Finer than the Fréchet filter implies that $\mathcal{U}$ is free, otherwise there's be some unique $m \in \cap \mathcal{U}$. Then the ultrafilter space would not be Hausdorff, so "ugly" (we cannot separate $m$ from $\omega$). For a free ultrafilter the resulting space will be Hausdorff (separate $m$ from $\omega$ by $\{m\}$ and $\{\omega\} \cup \mathbb{N}\setminus \{m\}$, the last set being in the Fréchet filter) , even normal (Any Hausdorff set with only one non-isolated point). Hence the condition ,I think, it's to have a "nice" ultrafilter space.
The convergence remark is rather easy to see: suppose $(x_n)$ is a sequence in $X$ where the range $R = \{x_n: n \in \mathbb{N}\}$ is infinite.

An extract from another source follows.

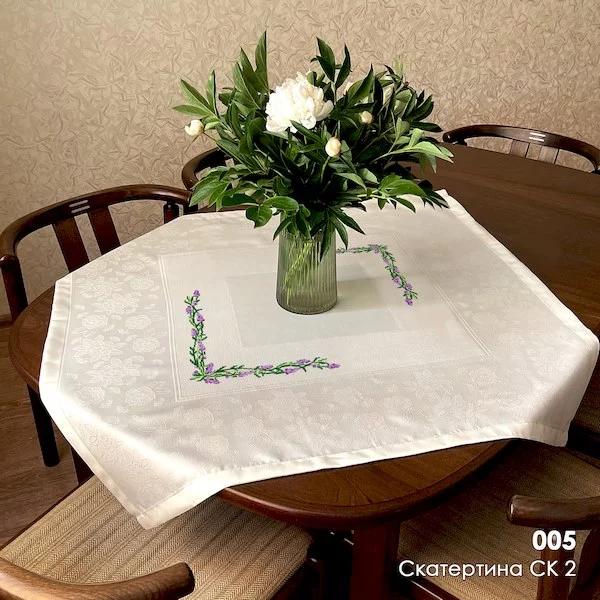 Зверніть увагу! Скатертина є готовим виробом, підшита та підкладена. Ширина місця під вишивку нитками складає 12 см, розташоване по центру периметра скатертини. Малюнок на виріб не наноситься!
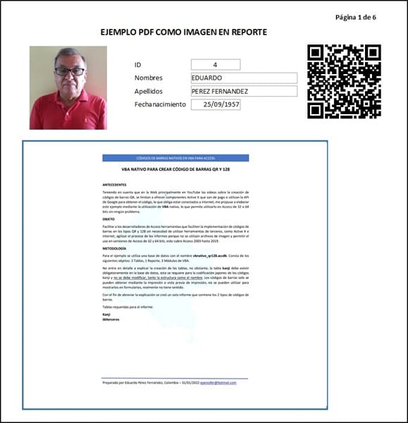 Observe que son 6 páginas porque es el número de páginas que contiene el PDF incrustado en el informe.

The only way a the sequence could converge to $p \in \mathbb{N}$ is when all $x_n$ from some $N$ onwards would equal $p$: definition of convergence applied to the open set $\{p\}$. But this would make $R = \{x_1, \ldots, x_N\}$ a finite set. On the other hand, divide $R$ into two disjoint infinite sets $R_1$ and $R_2$. Then either $R_1$ or its complement $\mathbb{N}\setminus R_1$ lies in $\mathcal{U}$, by a standard property of ultrafilters. If $R_1 \in \mathcal{U}$, the open set neighbourhood $R_1 \cup \{\omega\}$ misses infinitely many terms of the sequence, so the sequence cannot be eventually in his open set. The same argument applies to the open set $\mathbb{N}\setminus R_1 \cup\{\omega\}$ in the other case. This makes $X$ a basic example: $\omega \in \overline{\mathbb{N}}$ but no sequence from $\mathbb{N}$ can converge to $\omega$, which shows sequences are not enough to describe the topology even in nice (normal and Hausdorff) spaces like this $X$.
My question is as follows: why there is the need to assume that $\mathfrak U$ is an ultrafilter that is finer than the Fréchet filter. This seems unnecessary to me since the statement is true for any ultrafilter.